For those interested, here is some empirical research. The first study is the most well known, authored by Penn State. If you do a page find for "Crohn's" you can read about LDN's positive impacts. Most of the IBD research relating to LDN is for Crohn's and not UC, but because has broad spectrum effects on auto-immune, I am still taking that data info consideration.
https://en.wikipedia.org/wiki/Low-dose_naltrexone
- A primer on LDN. It is believed that in addition to acting on opiate receptors, LDN also acts on Toll Like Receptors and Microglia, the science of which is complicated. It's my belief that if a UCer tries LDN and it *doesn't* work, then they can rule out Microglia and macrophage disorders playing a role in their disease, which is a HUGE thing to rule out. And if it does work, then you know that these factors in your body are genuinely dysfunctional and LDN is correcting them.

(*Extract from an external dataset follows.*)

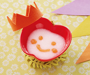 まずは、おかゆ状の主食メニューに野菜や果物のベビーフードを使って絵を描く簡単離乳食アレンジ。一皿で主食と一緒に野菜や果物が取れるのもうれしい一品。「かわいいね♪」と赤ちゃんとコミュニケーションを取ったり、王冠の飾りを添えればハーフバースデーにも最適!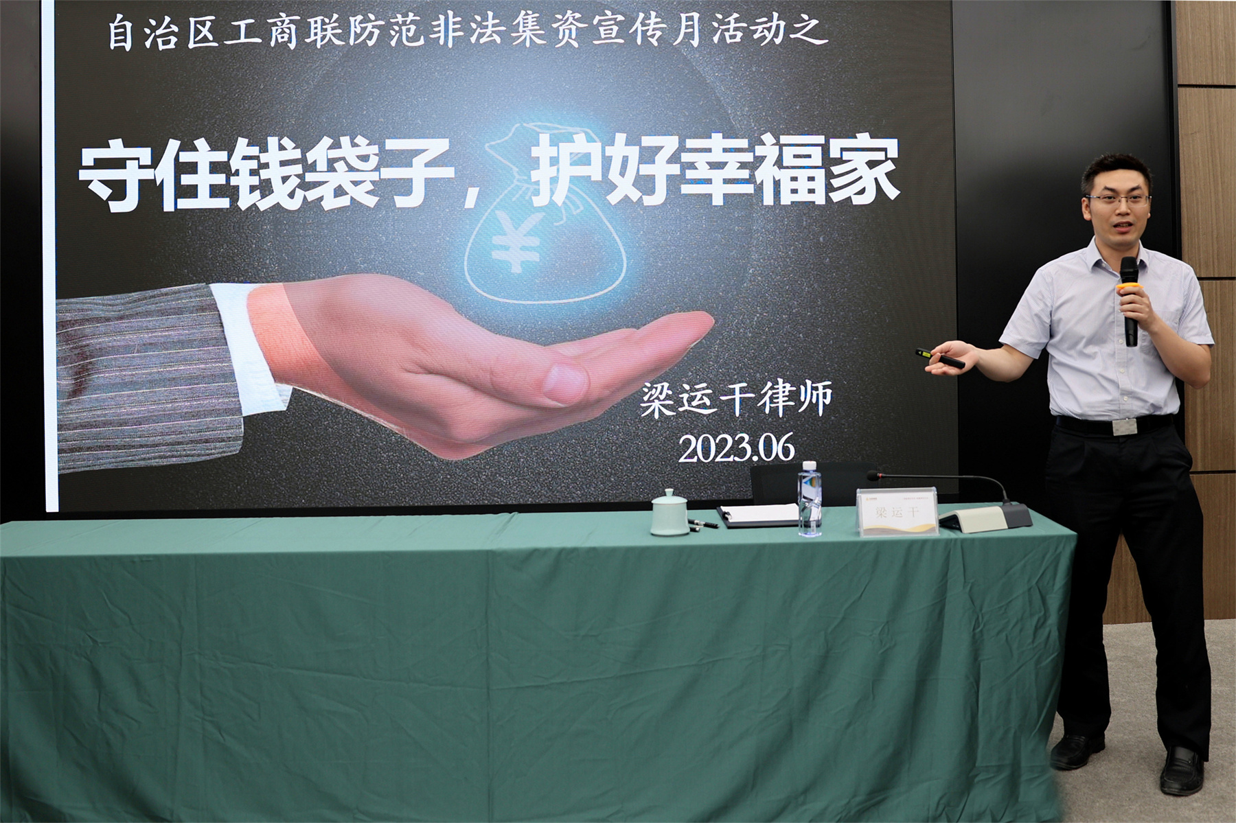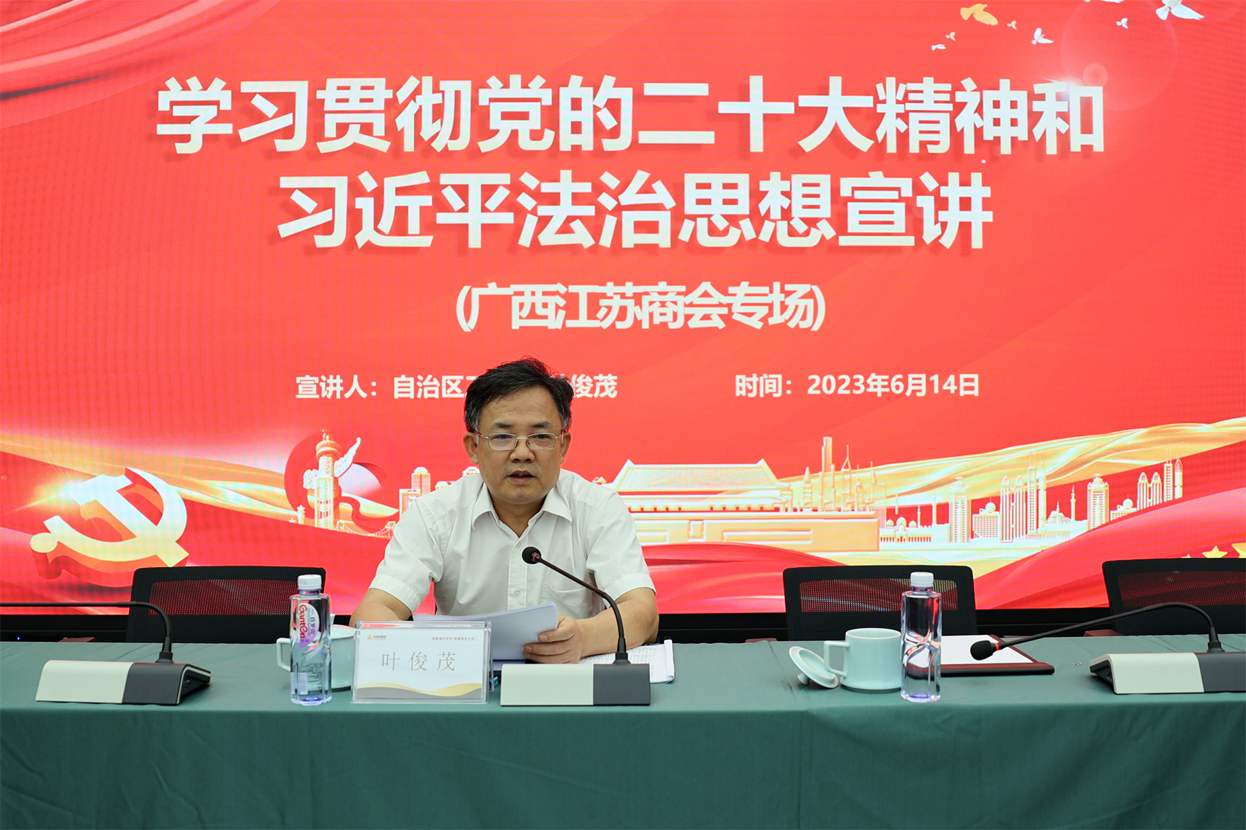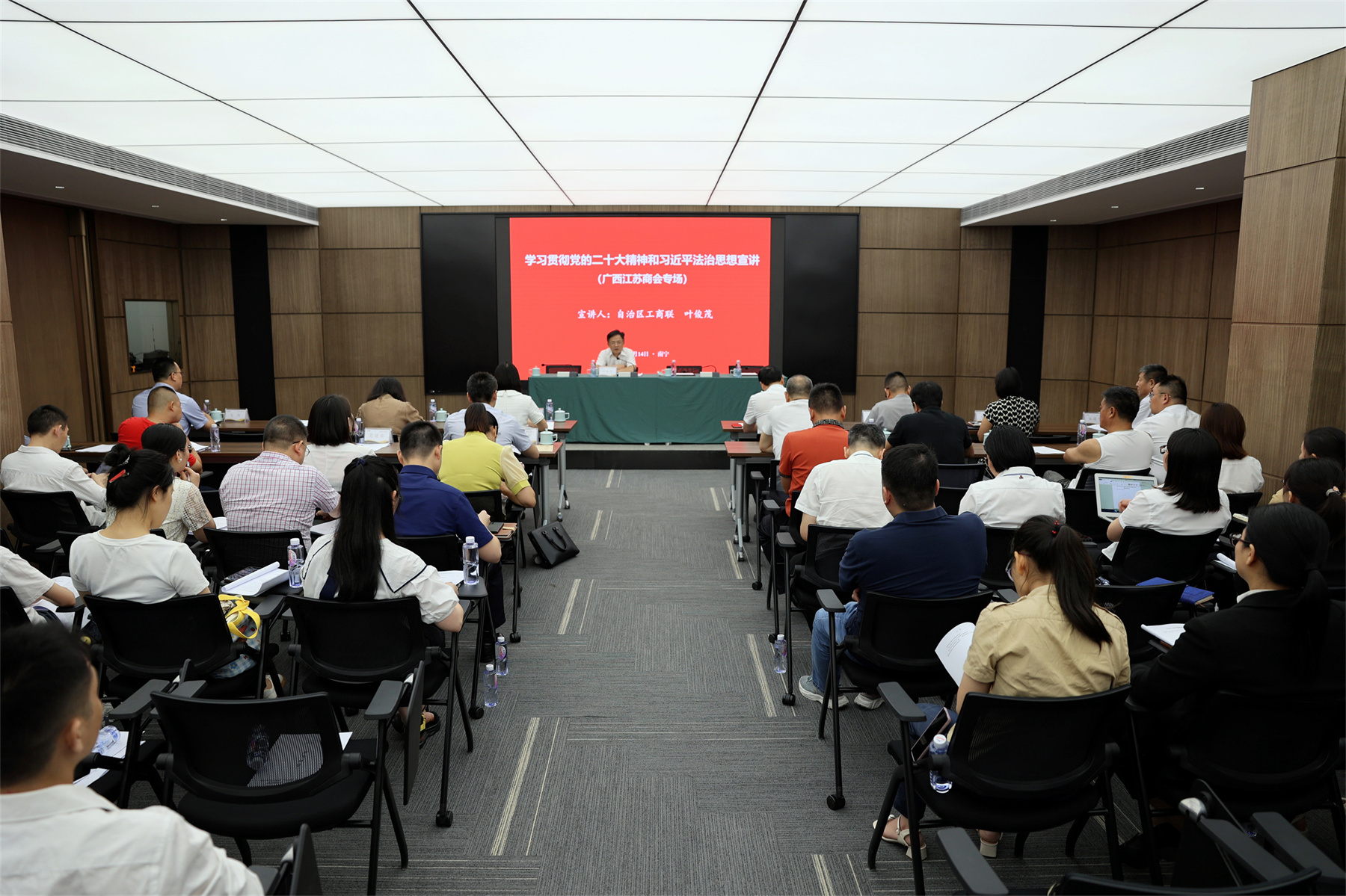 2023年6月14日,自治区工商联2023年“法律进商会”“法律进民营企业”暨防范非法集资宣传活动,在广西vsport装饰集团举行。自治区工商联副主席叶俊茂出席活动并作学习贯彻党的二十大精神和习近平法治思想宣讲。集团董事长杨景忠率公司管理人员及员工代表参加了活动。

The other thing to note is that LDN may temporarily exacerbate symptoms during the introductory period, but after that things should improve. If your UC is made worse, then you should strongly suspect dysbiosis or a primary pathogen like a parasite. The reason is that LDN up-regulates the immune system which would lead it to renew an attack on invaders. If your immune system is merely dysmodulated without an infection, then LDN should help you to some degree. Again, LDN good for the process of elimination. You can potentially reverse engineer a lot of info about yourself.
https://www.ncbi.nlm.nih.gov/pmc/articles/PMC3962576/
"The condition with the most scientific support for LDN efficacy is Crohn’s disease (CD) [7, 12, 36]. CD is an inflammatory bowel disease that exerts gastrointestinal tract and systemic effects. LDN has been reported to reduce not only self-reported pain in that condition but also objective markers of inflammation and disease severity (including the severity scores from endoscopic evaluation) [7, 12, 36]. The response rate of LDN in Crohn’s disease may be even higher than that seen in fibromyalgia, with over 80 % of the study participants exhibiting significant improvement [7, 12]."
This website is one of the medical leaders in reviving research into Naltrexone for off-label uses:
http://www.ldnresearchtrust.org/about-the-ldn-research-trust
It has been problematic to get funding for extensive trials because Naltrexone has been off-patent for many years and so there is no profit for big pharma to invest it. Thus most of the feedback on it has been anecdotal.
It doesn't work for everyone. The majority who take it experience improvement but not remission. A small percentage experience total remission (akin to cured). I have read that the best candidates for LDN are the ones who are at the end of a flare and who have mitigating factors like diet under control. LDN + diet is the best combo. People who are on a biologic that is working for them are another example.
OK! That's it for now. I will post again in a few weeks when I'm deeper into the LDN protocol. Cheers.